The jqMath is written by Dave Barton and licensed under the same license as jQuery — MIT licence.

It will show great mathematical expression structure on browser that supports MathML (Mathematical Markup Language) and provide fallback using CSS if the browser doesn't support it.

Back Then

Google Chrome dropped MathML feature since the 25th version, which also affected all browsers that use the Chromium engine, such as Yandex.

Therefore, I tinkered this demo (iframe) page on Firefox.

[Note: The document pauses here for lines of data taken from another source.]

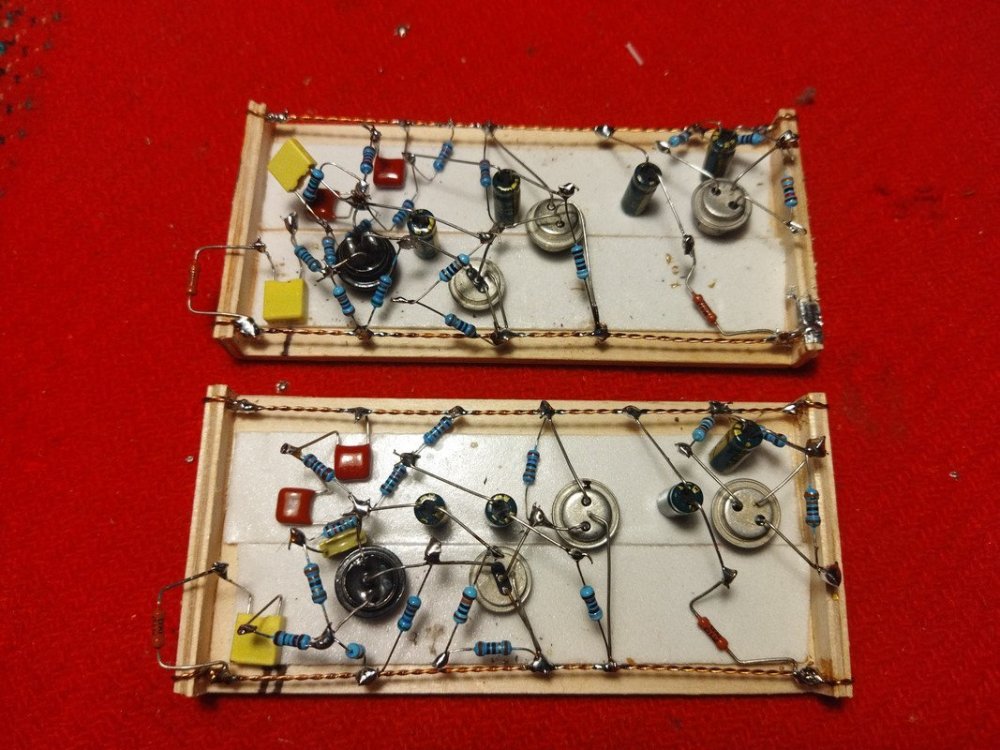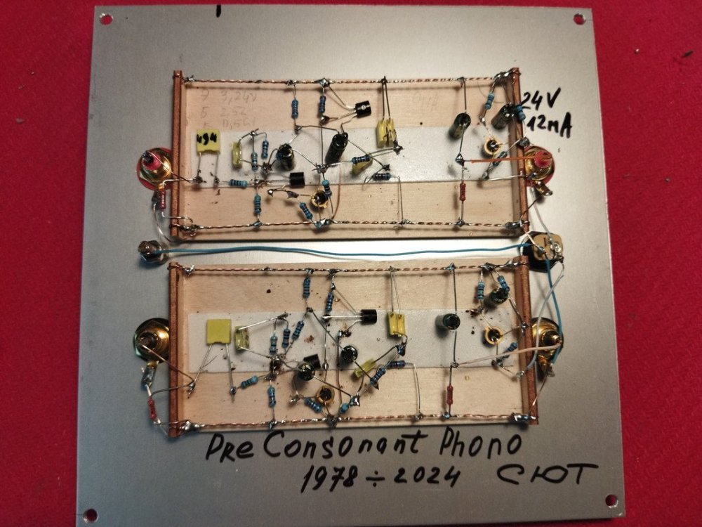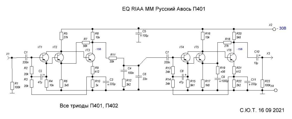 Привет, Александр! Триоды Т1 и Т2 работают в режиме микротоков, всё три триода охвачены глубокой ОС, термостабильность и Ку очень стабильные и не зависят от напряжения питания. Каскад на полевиках становится термостабильным при обеспечении физического контакта корпусов триодов (верхнего и нижнего). Хотя для комнатной температуры это не актуально, в сарае сейчас никто не живёт))... Для тех, кто не дружит с русским языком, повторяю - Ку моих корреторов стараюсь поддерживать близким к стандарту. Чувствительность можно рассчитать арифметически. Кг не измеряю, достаточно осциллографического контроля, шум моих корректоров ниже шума пустой канавки на виниле, что считаю достаточным и т.д. Кривая RIAA выверяется на меандре с цепочкой антириаа на входе корра. Точка.
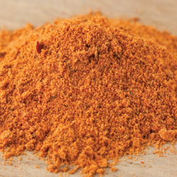 Ingredients: Sea Salt, Red Pepper, Dried Onion, Black Pepper, Non-GMO Dextrose, Dried Garlic, Paprika, White Pepper, Non-GMO Expeller Pressed Canola Oil, Crushed Red Pepper, Oregano, Natural Lemon Juice Flavor, Silicon Dioxide (flow agent), Thyme, Paprika Extract (color), Cumin, Sage.
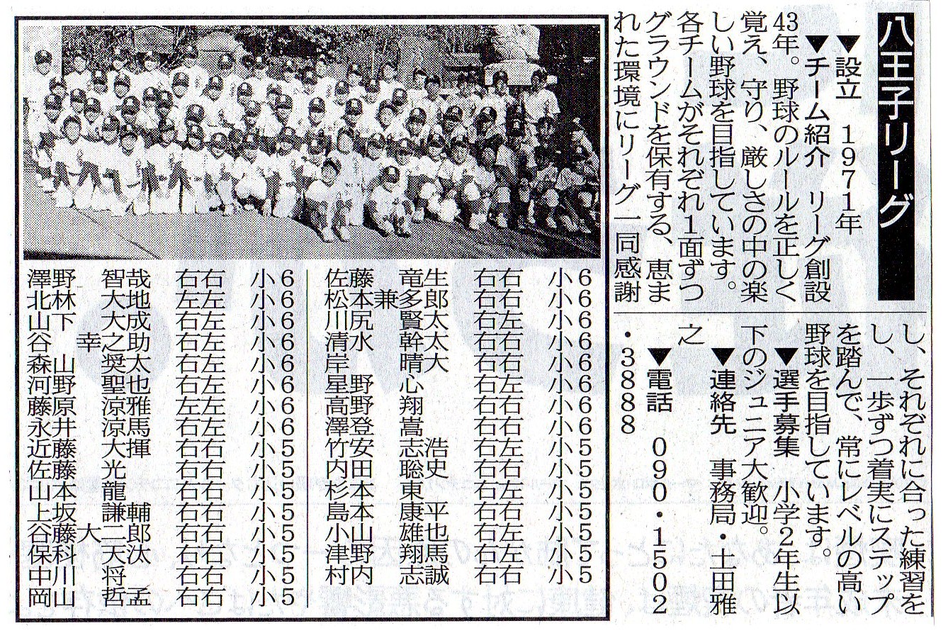 今週は我が八王子リトルの紹介も掲載されていましたよ!
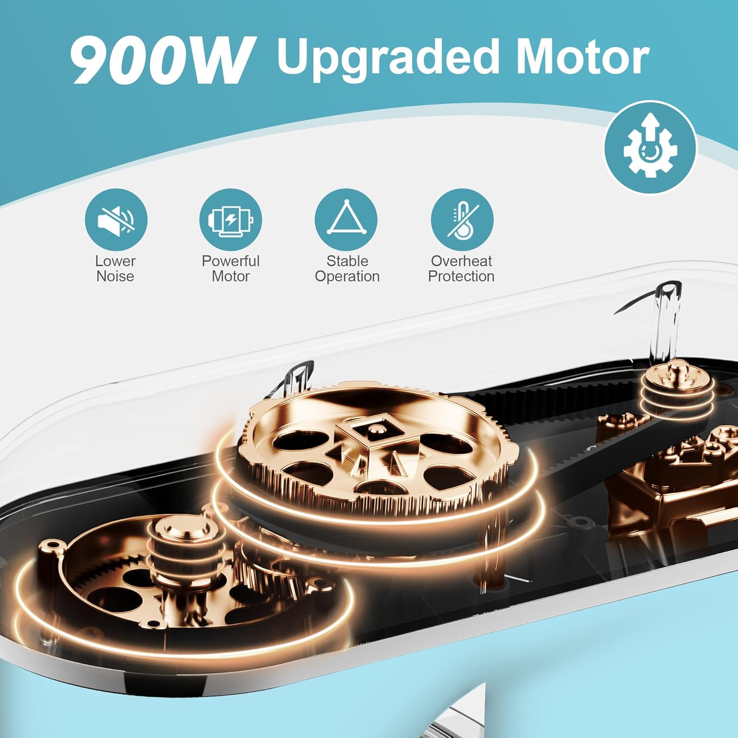 - Powerful 900W Motor-The 900W motor delivers exceptional power, effortlessly tackling thick dough, dense batters, and delicate mixtures. With smooth and consistent mixing performance, this powerful motor ensures that the stand mixer can handle even the most demanding tasks without overheating, offering long-term reliability and efficiency.
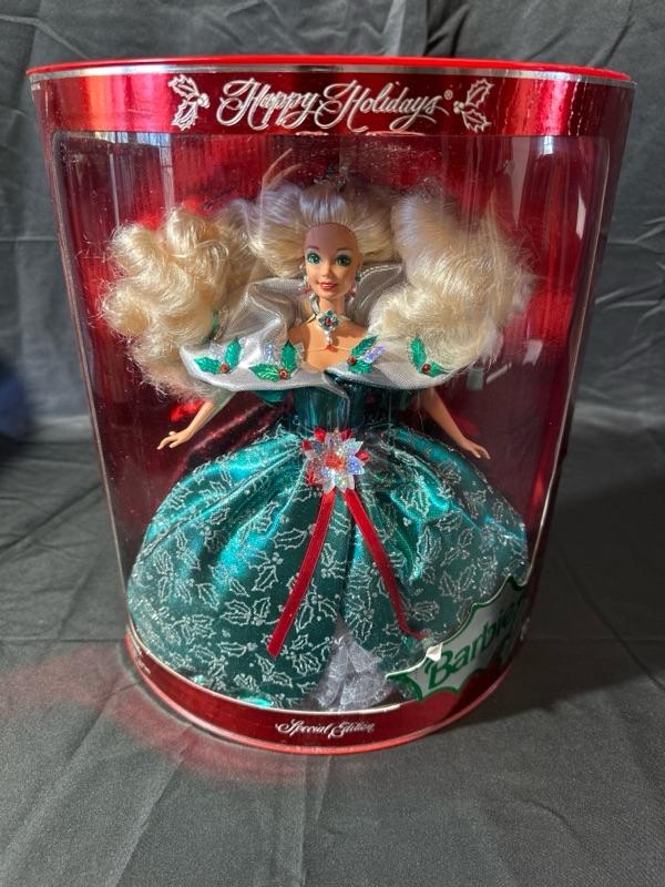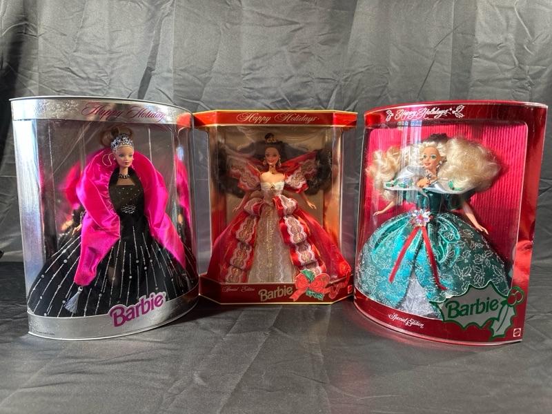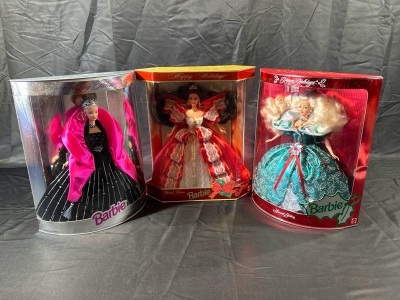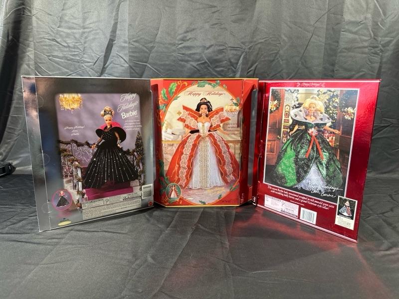Happy Holidays Barbies, 1995, 1997, 1998 in original boxes.

When I tested it on Chrome, because it doesn't have MathML module, jqMath automatically used the CSS and native HTML elements fallback.

Currently

In January 2023 Chrome (and other Chromium‑based browsers such as Edge) re‑introduced native MathML support, based on the newer MathML Core specification. This support has been enabled by default in stable Chrome releases since version 109.

MathML on MDN


Advantage

jqMath doesn't provide images fallback for substituting the characters. That's why it's much faster and way smaller in size than MathJax. All the rendering work is done by the MathML module within the browser (which has it).


Disadvantage

It will only be displayed as it should be on browsers that support MathML. Otherwise, it uses the CSS fallback. The rendering isn't quite similar with browser using MathML: the positioning and fonts.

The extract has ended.